The bridge replaced the rail/auto ferries originally operated by Canadian National Railways (they carried passenger trains to the island until the late 1960s)


----------



## The Davy Crockett (Sep 6, 2012)

PRR 60 said:


> The Davy Crockett said:
> 
> 
> > Its tongue-in-cheeck, but HERE someone has written a protest song about the high tolls on the Dulles Greenway. It costs $5.55 at peak times to drive 14 miles.  Pretty steep. But then the cost of maintaining roads is not cheap either... ^_^
> ...


a.k.a. an $.80 cent "congestion management toll"  Plus whatever portion of the $.75 that the Dulles Toll collects...


----------



## Ryan (Sep 6, 2012)

PRR 60 said:


> The Davy Crockett said:
> 
> 
> > Its tongue-in-cheeck, but HERE someone has written a protest song about the high tolls on the Dulles Greenway. It costs $5.55 at peak times to drive 14 miles.  Pretty steep. But then the cost of maintaining roads is not cheap either... ^_^
> ...


I don't think that's accurate. The Greenway extends west from Dulles airport and is operated by a private for profit company.
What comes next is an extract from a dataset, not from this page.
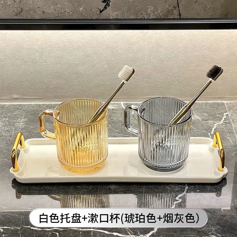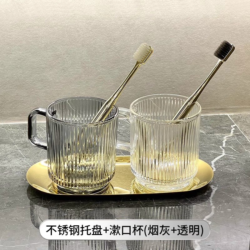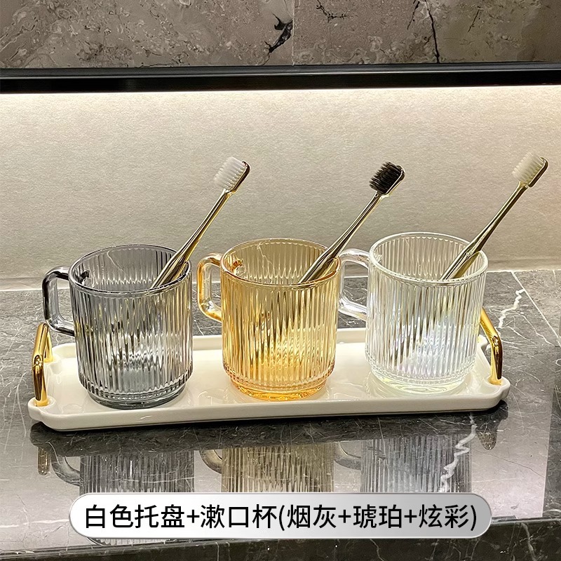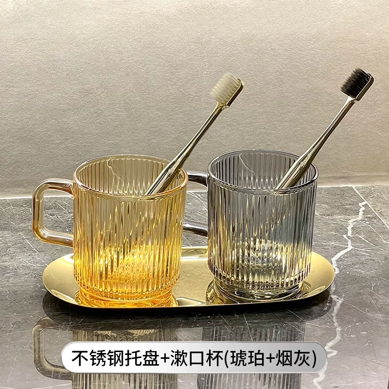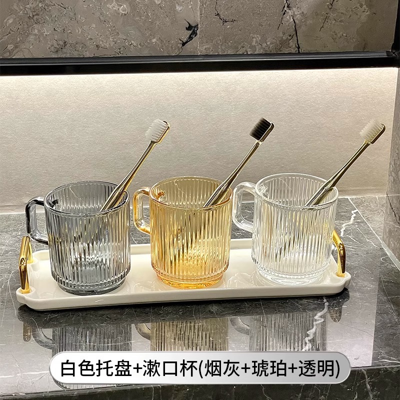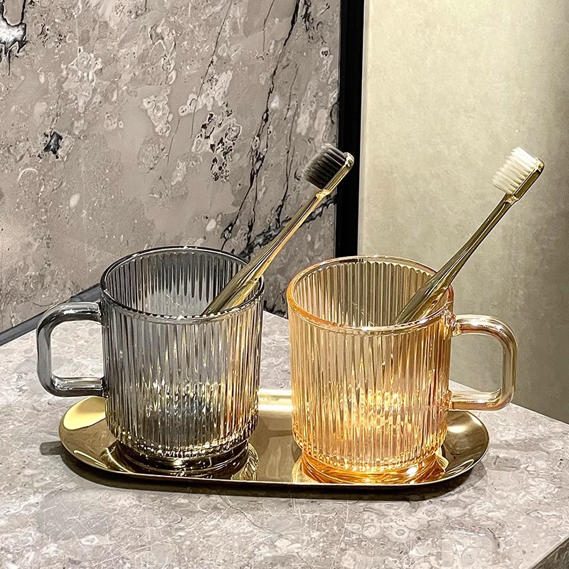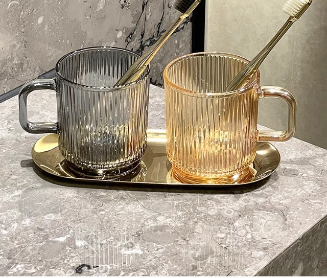 세로 패턴의 가벼운 럭셔리, 심플하고 가벼운 럭셔리 구강 세정제 컵, 고급 칫솔 컵, 가정용 칫솔 컵, 치과 컵, 유리 세면 컵

You're thinking of the Dulles Toll Road, which connects the Greenway to the beltway, which is operated by the Metropolitan Washington Airports Authority, which is using $0.50 from each toll to help finance the Silver Line.

Edit:

This graphic from the Greenway's web site shows where the toll money goes:


----------



## PRR 60 (Sep 6, 2012)

Ryan said:


> PRR 60 said:
> 
> 
> > The Davy Crockett said:
> ...


Yes, you're right. I was thinking of the Tollway. Thanks for the correction.


----------



## Anderson (Sep 6, 2012)

On the one hand, $5.55 is pretty blasted steep for a toll road. On the other hand...well, it's pretty clear that _somebody_ is willing to pay that. Still, I don't get VA's obsession with "farming out" toll roads such as they are doing a lot these days. Not that I don't support toll projects, but I'd rather see the state just issue the bonds themselves and direct any profits to transportation funding in the affected areas.


----------



## fairviewroad (Sep 6, 2012)

NS VIA Fan said:


> Speaking of high tolls.........the 9 mile Confederation Bridge connecting New Brunswick and Prince Edward Island collects a $44.00 toll for cars. (this is a round-trip toll as it is only collected when leaving PEI)
> 
> 
> 
> ...


The $44 is cheaper than the ferry that still runs from the eastern end of the island to Nova Scotia, though. That's $66.


----------



## NS VIA Fan (Sep 6, 2012)

fairviewroad said:


> The $44 is cheaper than the ferry that still runs from the eastern end of the island to Nova Scotia, though. That's $66.


The toll on the ferry is collected like the bridge (upon leaving the Island only). So for a tourist making a loop.....take the ferry over for "free" and pay $44 leaving the island on the bridge. 

Looping the other way, you'll have a free crossing on the bridge going over but pay $66 to leave.


----------